What you return must be the full data, repeated verbatim, with no pictures in it.

_DATASET EXCERPT:_
# # # # # # #

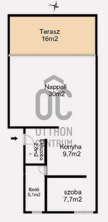 Elosztása: előszoba, amerikai konyhás nappali és étkező, hálószoba, fürdőszoba, terasz.
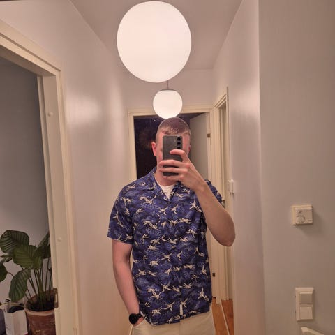 Myydään Arketin lyhythihainen kuvioitu kauluspaita koossa 50, joka vastaa kokoa M. Malli on hieman cropattu.
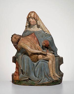 | Werktitel: | Pietà (Vesperbild) mit Maria auf einer Bank sitzend, im Schoß den toten Jesus mit hochgewölbtem Rücken, die Hände über den Oberschenkeln gekreuzt | |||

# # # # # # #

_TASK OUTPUT:_
 Elosztása: előszoba, amerikai konyhás nappali és étkező, hálószoba, fürdőszoba, terasz.
 Myydään Arketin lyhythihainen kuvioitu kauluspaita koossa 50, joka vastaa kokoa M. Malli on hieman cropattu.
 | Werktitel: | Pietà (Vesperbild) mit Maria auf einer Bank sitzend, im Schoß den toten Jesus mit hochgewölbtem Rücken, die Hände über den Oberschenkeln gekreuzt | |||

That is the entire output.